Annual report pursuant to Section 13 and 15(d)

Subsequent Events

v3.22.1
Subsequent Events
12 Months Ended
Dec. 31, 2021
Subsequent Events [Abstract]  
Subsequent Events

Note 18 – Subsequent Events

 

Conversions of Series N Preferred Stock

 

Subsequent to December 31, 2021 and through April 8, 2022, the Company issued 32 million shares of its common stock upon conversions of 766.959 shares of its Series N Preferred Stock with a stated value of $766,959.

 

 

Reverse Stock Split

 

Effective March 15, 2022, the Company filed an amendment to its Certificate of Incorporation, as amended, to effect a reverse stock split of all of the outstanding shares of our Common Stock, at a ratio from 1-for-10,000, as more fully discussed in Note 1.

 

Increase in Authorized Shares of Common Stock

 

Effective March 15, 2022, the Company filed an Amendment to its Certificate of Incorporation, as amended, with the Secretary of State of Delaware to increase the authorized shares of Common Stock of the Company from 50 billion shares to 250 billion shares. (See Note 1.)

 

Potential Common Stock as of April 8, 2022

 

The following table presents the dilutive effect of our various potential shares of common stock as of April 8, 2022:

 

    April 8, 2022  
Shares of common stock outstanding    

36,252,190

 
Dilutive potential shares:        
Stock options     26  
Warrants    

5,410,465,521

 
Convertible debt    

408,527,907

 
Convertible preferred stock    

4,315,616,456

 
Total dilutive potential shares of common stock, including outstanding common stock    

10,179,862,100

 

 

As a result of the Voting Agreement discussed in Note 12, the November 5, 2021 Amendment to its Certificate of Incorporation, as amended, providing for the affirmative vote of the holders of a majority in voting power of the stock of the Company to authorize an increase in the number of authorized shares of the Company’s common stock, as more fully discussed in Note 1, the recent increase in authorized shares of common stock and the recent reverse common stock split, the Company believes that it has the practical ability to ensure that it has a sufficient number of authorized shares of its common stock to accommodate all potentially dilutive instruments.

 

Diamantis Loan

 

On January 18, 2022, notes payable due to Mr.

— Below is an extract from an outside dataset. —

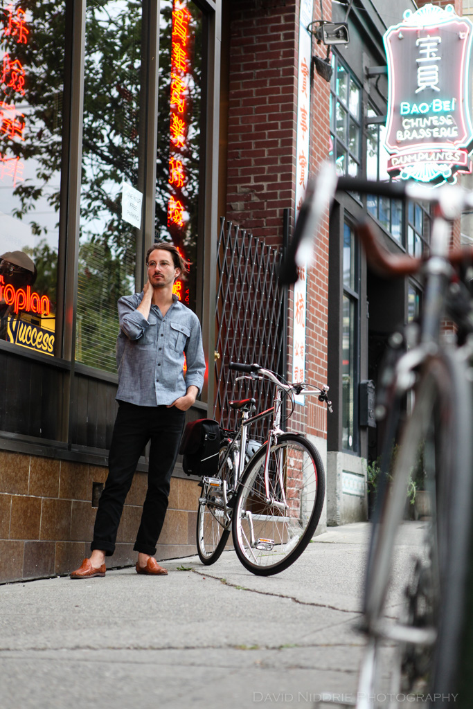 “Downtown Rider” — Photo set number three from the Momentum Mag City Bike City Life Look Book 2014. Earlier, we saw Sean and the Vanmoof, followed by Frederique & Patrice with Mozie and here we are with our friend Craig in Vancouver’s Chinatown. He rides a Biria CitiClassic Sport i3, equipped with Racktime, WALD, Light & Motion and Trelock accessories and wearing United By Blue and Bern.

Diamantis increased by $750,000 due to his payment of a like amount to Mr. Anthony O’Killough in connection with a forbearance agreement related to amounts owed to Mr. O’Killough by the Company and personally guaranteed by Mr. Diamantis. Amounts owed to Mr. O’Killough are more fully discussed in Notes 8 and 14. Loans from Mr. Diamantis are more fully discussed in Note 8.

 

Securities Purchase Agreement Dated January 31, 2022

 

On January 31, 2022, the Company entered into the Securities Purchase Agreement (the “Purchase Agreement”), among the Company and certain existing institutional investors of the Company. The Purchase Agreement provided for the issuance of up to 1,650 shares of Series P Preferred Stock at a series of closings. The first closing occurred on March 11, 2022 where 1,100 shares were issued for $1.0 million in proceeds. The second closing occurred on April 1, 2022 where 550 shares were issued for $0.5 million in proceeds. The Purchase Agreement restricts the Company’s use of the proceeds from the issuances of the Series P Preferred Stock.

 

Forgiveness of PPP Notes

 

In January 2022, $0.3 million of then outstanding PPP Notes were forgiven. PPP Notes are more fully discussed in Note 8.

 

Receipt of HHS Provider Relief Funds

 

On April 13, 2022, the Company received $0.3 million in HHS Provider Relief Funds. HHS Provider Relief Funds are more fully discussed in Note 1.